> **Aim of the exercise**
In the listing below, the lines starting at the line with "12月30日下午,新华交警大" and ending at the line with "7月5日,团队正式开始教学任" are to be output verbatim. Images stay out of the copy.

> **Data for review**
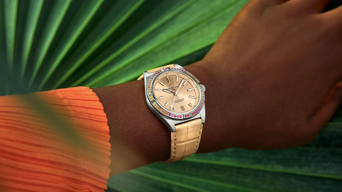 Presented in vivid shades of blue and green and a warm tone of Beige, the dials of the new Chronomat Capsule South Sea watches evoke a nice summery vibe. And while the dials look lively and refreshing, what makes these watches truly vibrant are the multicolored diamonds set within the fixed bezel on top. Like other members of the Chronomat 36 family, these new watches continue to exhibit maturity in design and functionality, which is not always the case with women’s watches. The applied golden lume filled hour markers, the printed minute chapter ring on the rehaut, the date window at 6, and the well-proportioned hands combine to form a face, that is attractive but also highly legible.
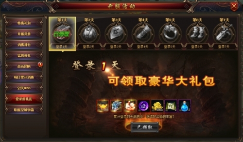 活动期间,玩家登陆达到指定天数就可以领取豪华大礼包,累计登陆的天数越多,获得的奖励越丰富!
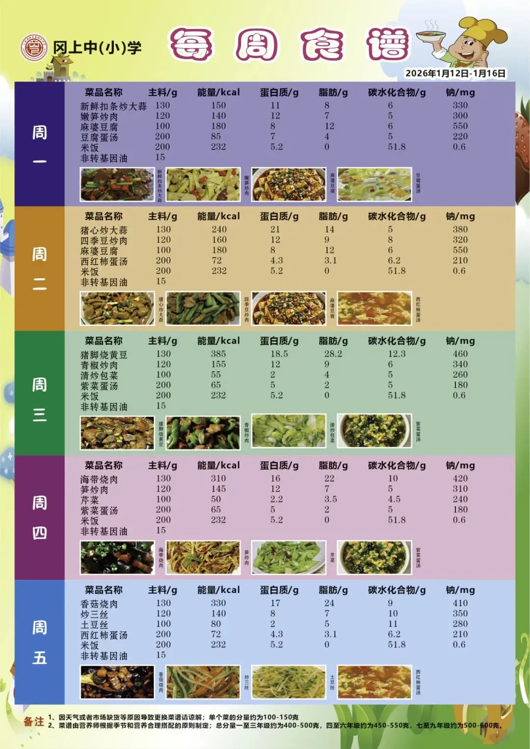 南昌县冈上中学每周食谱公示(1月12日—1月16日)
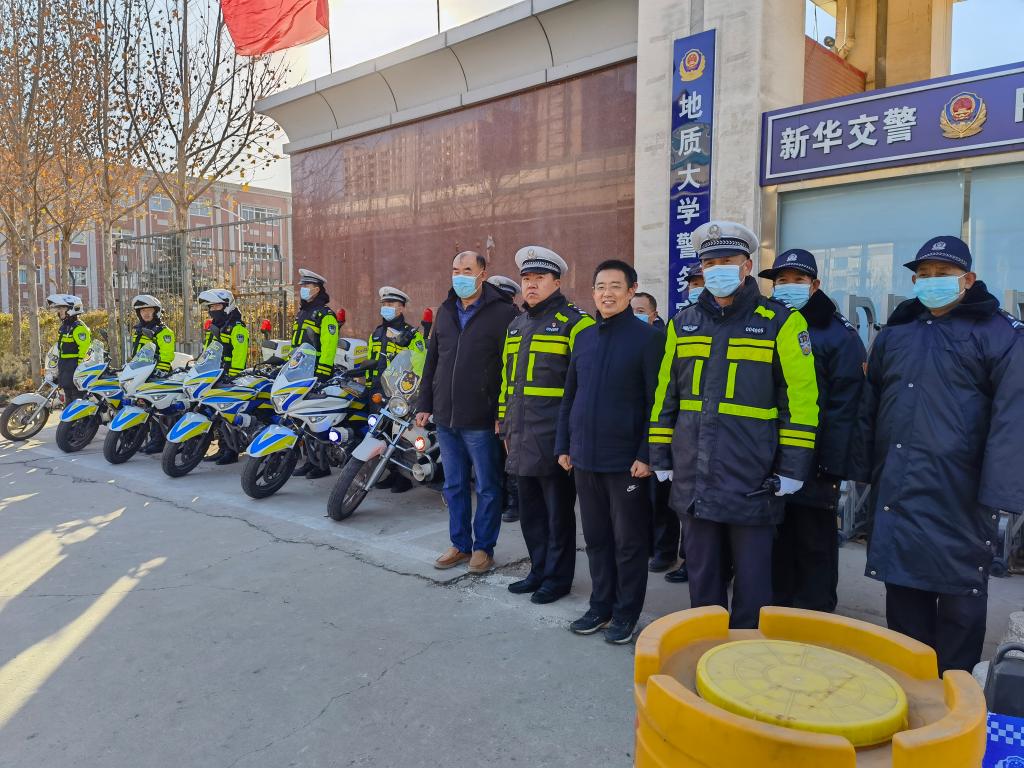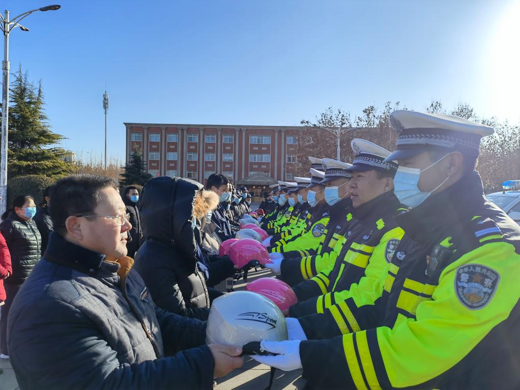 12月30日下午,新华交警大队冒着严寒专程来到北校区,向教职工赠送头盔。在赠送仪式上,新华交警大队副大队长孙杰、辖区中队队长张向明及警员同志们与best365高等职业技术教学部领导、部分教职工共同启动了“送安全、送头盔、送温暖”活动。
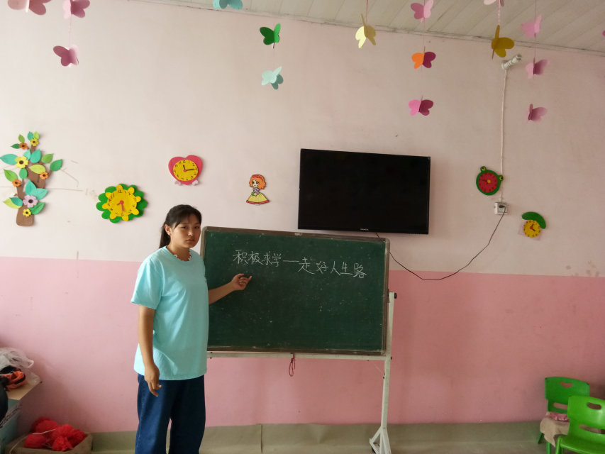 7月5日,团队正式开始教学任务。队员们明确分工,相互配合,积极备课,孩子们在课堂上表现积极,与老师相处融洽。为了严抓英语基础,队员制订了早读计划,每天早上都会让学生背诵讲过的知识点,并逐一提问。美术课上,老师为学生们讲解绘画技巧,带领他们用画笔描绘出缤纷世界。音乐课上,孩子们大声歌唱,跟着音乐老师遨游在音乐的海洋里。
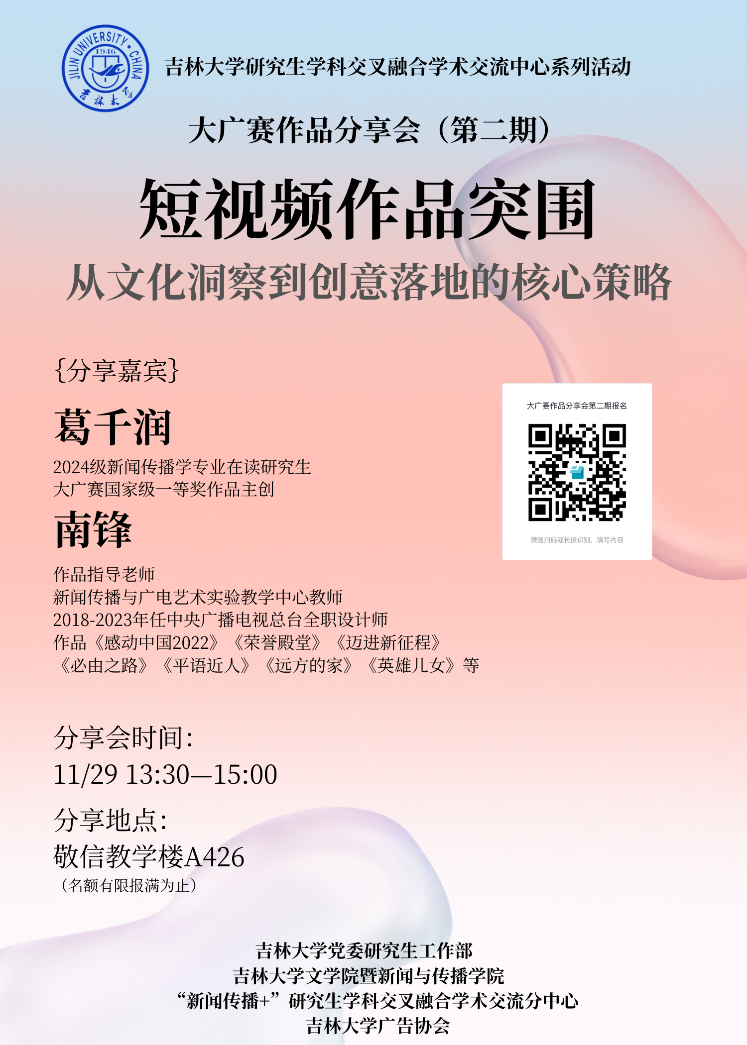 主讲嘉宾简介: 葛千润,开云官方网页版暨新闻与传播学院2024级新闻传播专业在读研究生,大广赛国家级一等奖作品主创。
---
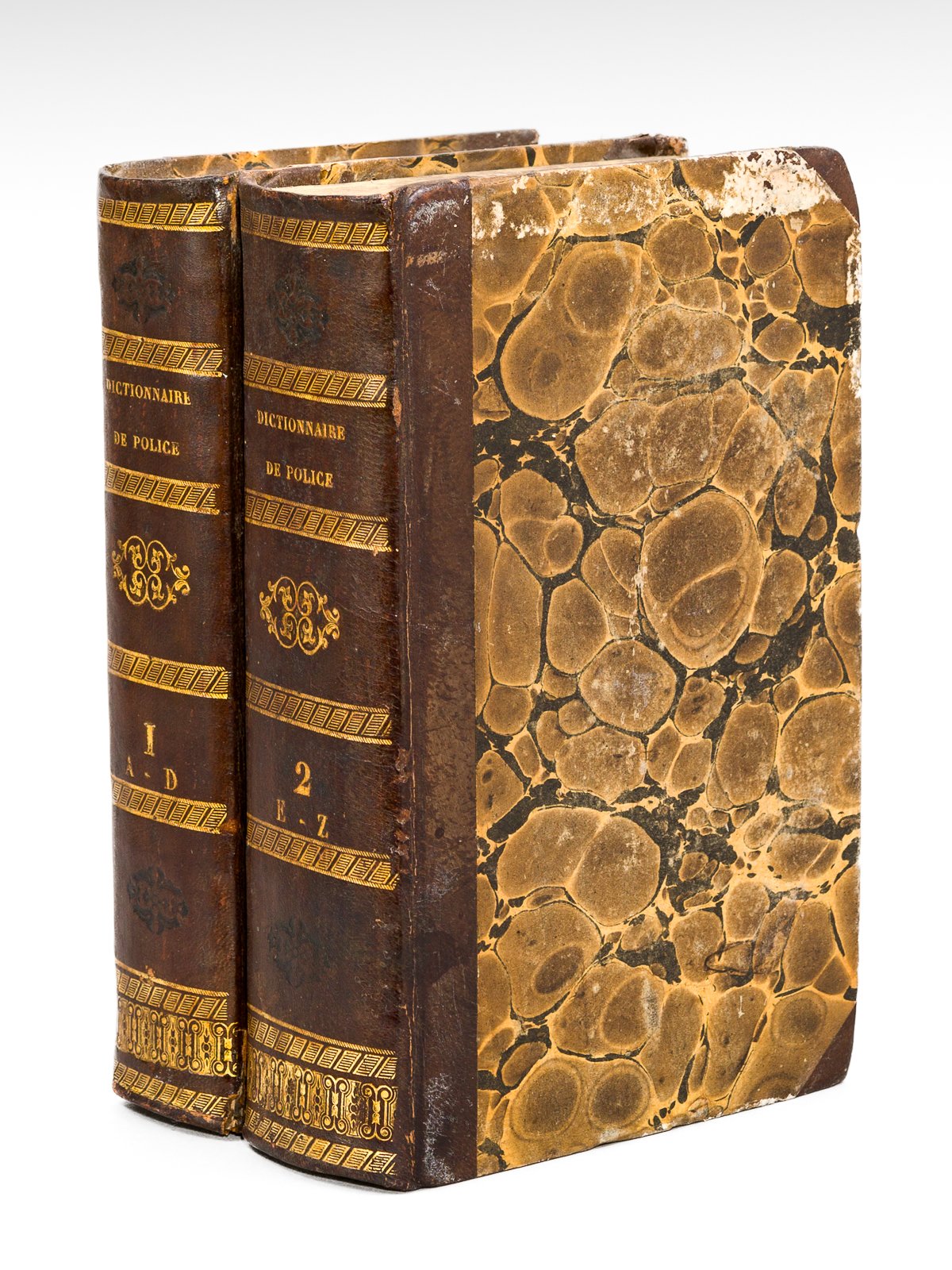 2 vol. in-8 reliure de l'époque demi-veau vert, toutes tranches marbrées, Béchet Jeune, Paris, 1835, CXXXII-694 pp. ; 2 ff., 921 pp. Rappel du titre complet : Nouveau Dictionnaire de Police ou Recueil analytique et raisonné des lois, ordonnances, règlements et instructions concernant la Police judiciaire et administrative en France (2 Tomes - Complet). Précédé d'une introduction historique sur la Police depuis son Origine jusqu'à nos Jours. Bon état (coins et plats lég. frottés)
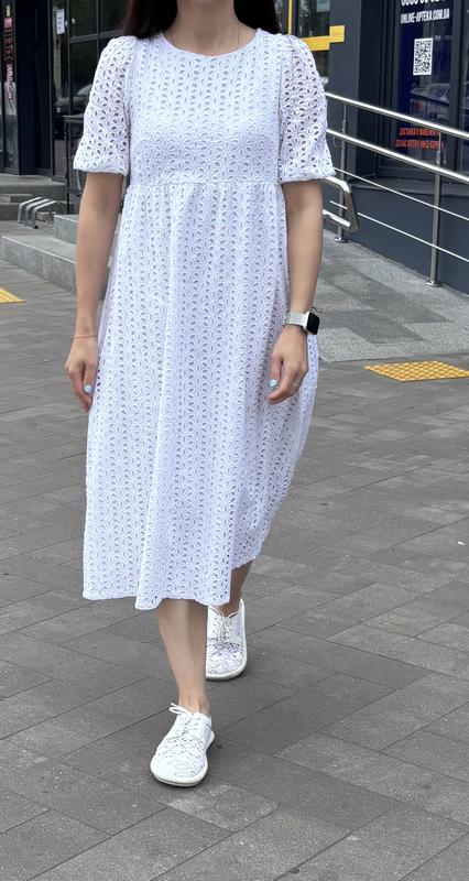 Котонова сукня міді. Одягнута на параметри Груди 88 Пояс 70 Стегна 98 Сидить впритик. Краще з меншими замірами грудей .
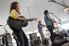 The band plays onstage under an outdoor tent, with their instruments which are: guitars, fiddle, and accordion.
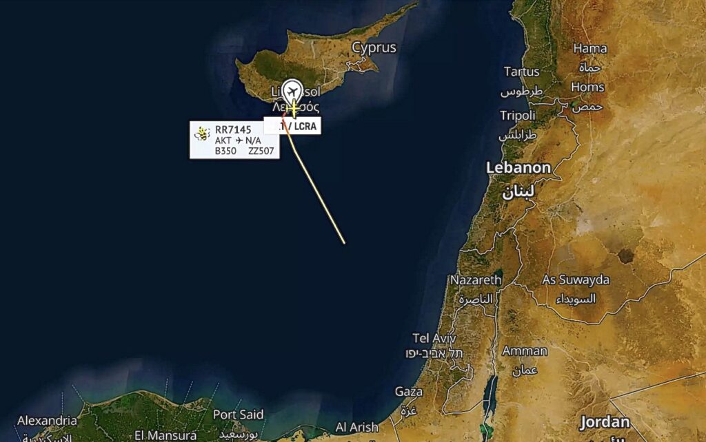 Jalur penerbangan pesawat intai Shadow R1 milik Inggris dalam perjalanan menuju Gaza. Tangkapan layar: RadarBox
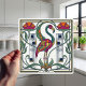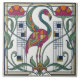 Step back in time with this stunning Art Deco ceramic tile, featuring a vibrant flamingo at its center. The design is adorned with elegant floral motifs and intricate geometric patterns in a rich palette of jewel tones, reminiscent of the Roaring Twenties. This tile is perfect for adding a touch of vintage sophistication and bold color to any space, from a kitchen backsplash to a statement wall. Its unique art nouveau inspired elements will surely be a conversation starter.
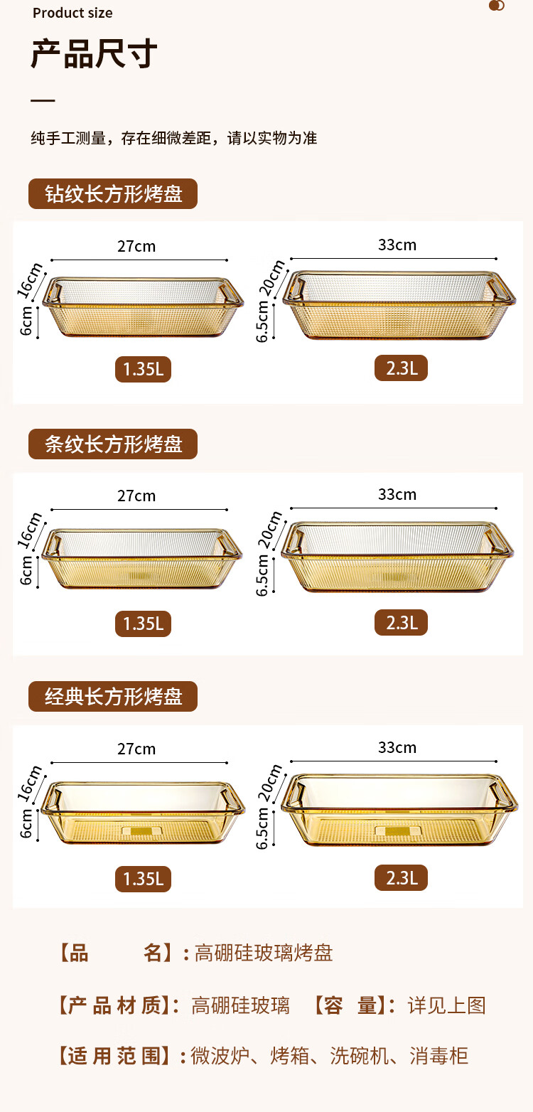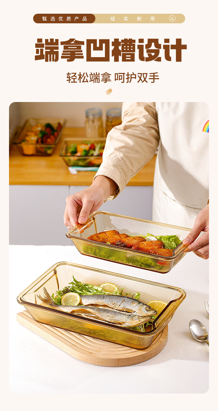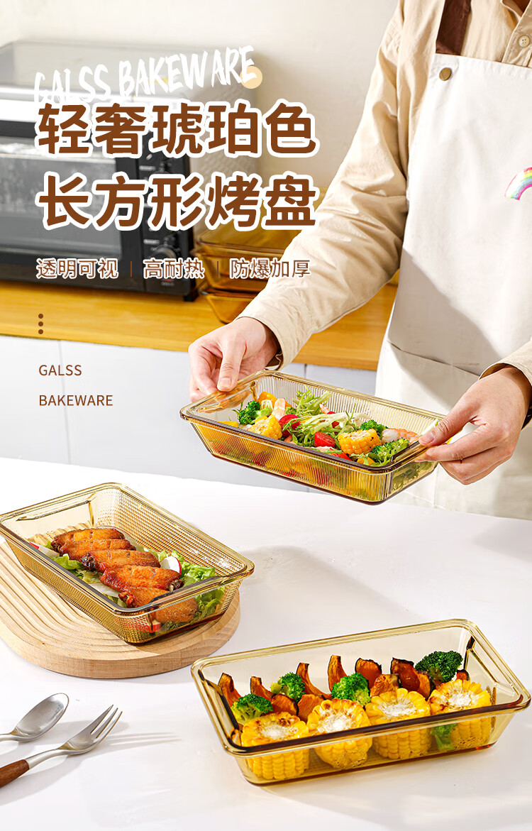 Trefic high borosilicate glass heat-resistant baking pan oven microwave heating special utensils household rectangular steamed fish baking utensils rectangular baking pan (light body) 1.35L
---
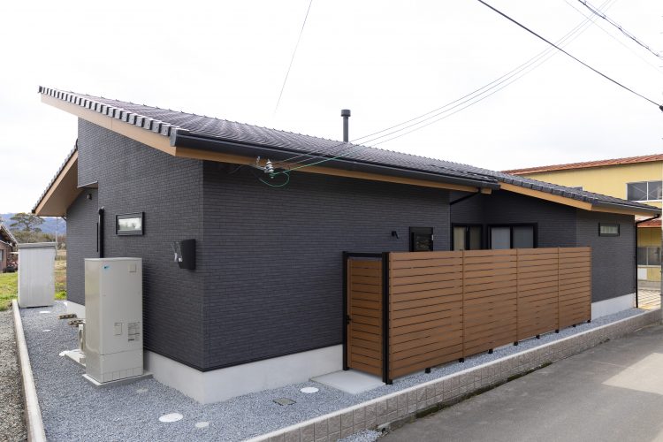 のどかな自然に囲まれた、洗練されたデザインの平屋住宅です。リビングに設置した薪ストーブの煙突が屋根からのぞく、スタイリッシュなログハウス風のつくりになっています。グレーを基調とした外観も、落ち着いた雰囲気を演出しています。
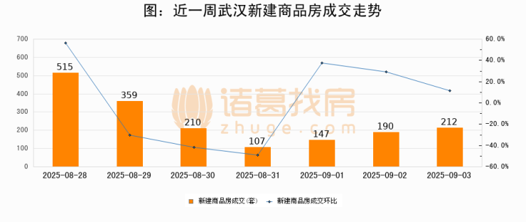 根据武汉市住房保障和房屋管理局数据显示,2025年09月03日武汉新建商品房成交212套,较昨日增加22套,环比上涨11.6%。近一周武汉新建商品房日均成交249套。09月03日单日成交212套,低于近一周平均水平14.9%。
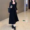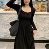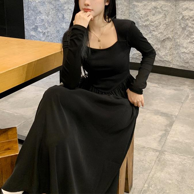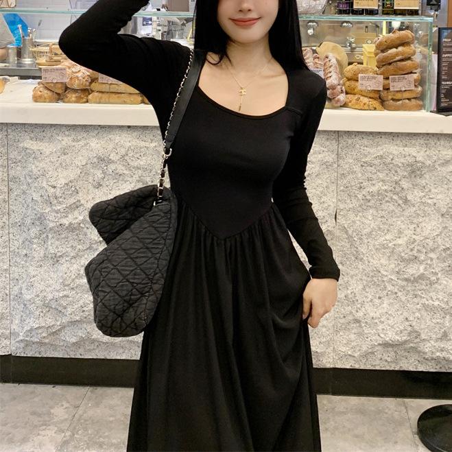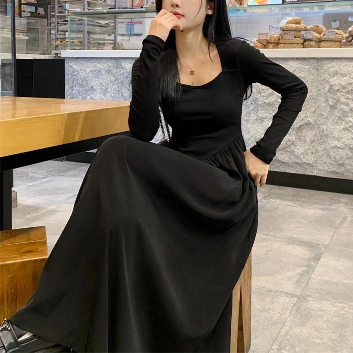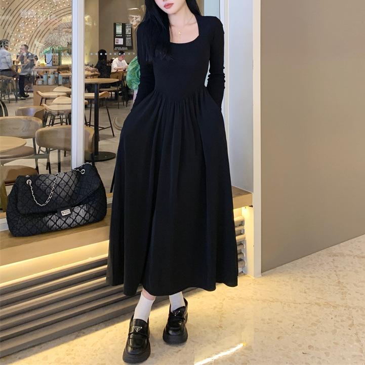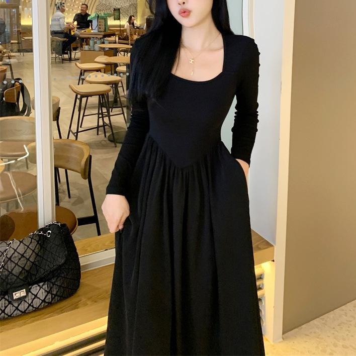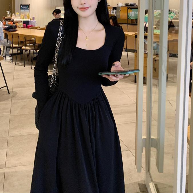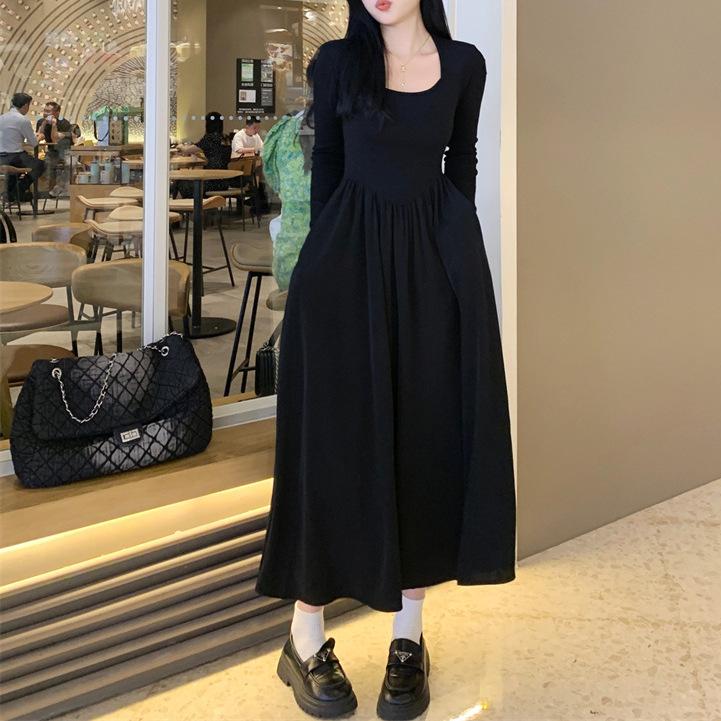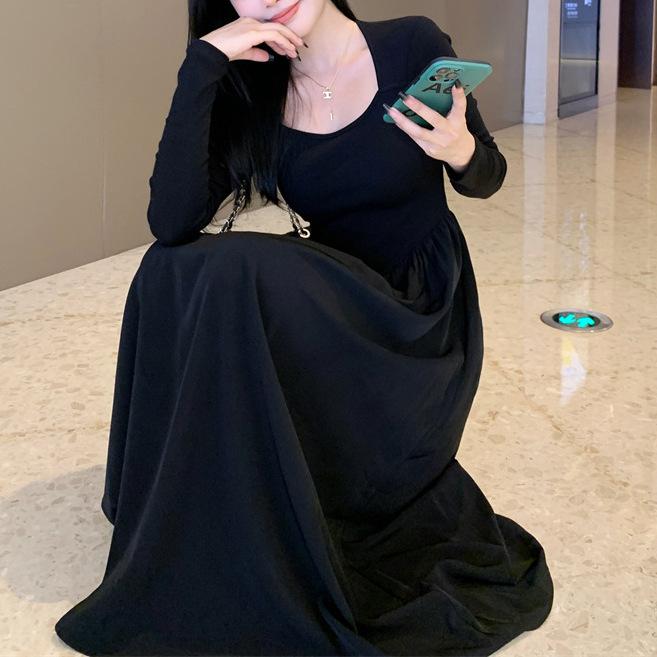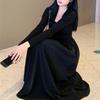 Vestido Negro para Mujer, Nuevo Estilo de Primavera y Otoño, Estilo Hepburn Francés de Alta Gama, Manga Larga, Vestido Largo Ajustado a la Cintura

> **Finished exercise**
 12月30日下午,新华交警大队冒着严寒专程来到北校区,向教职工赠送头盔。在赠送仪式上,新华交警大队副大队长孙杰、辖区中队队长张向明及警员同志们与best365高等职业技术教学部领导、部分教职工共同启动了“送安全、送头盔、送温暖”活动。
 7月5日,团队正式开始教学任务。队员们明确分工,相互配合,积极备课,孩子们在课堂上表现积极,与老师相处融洽。为了严抓英语基础,队员制订了早读计划,每天早上都会让学生背诵讲过的知识点,并逐一提问。美术课上,老师为学生们讲解绘画技巧,带领他们用画笔描绘出缤纷世界。音乐课上,孩子们大声歌唱,跟着音乐老师遨游在音乐的海洋里。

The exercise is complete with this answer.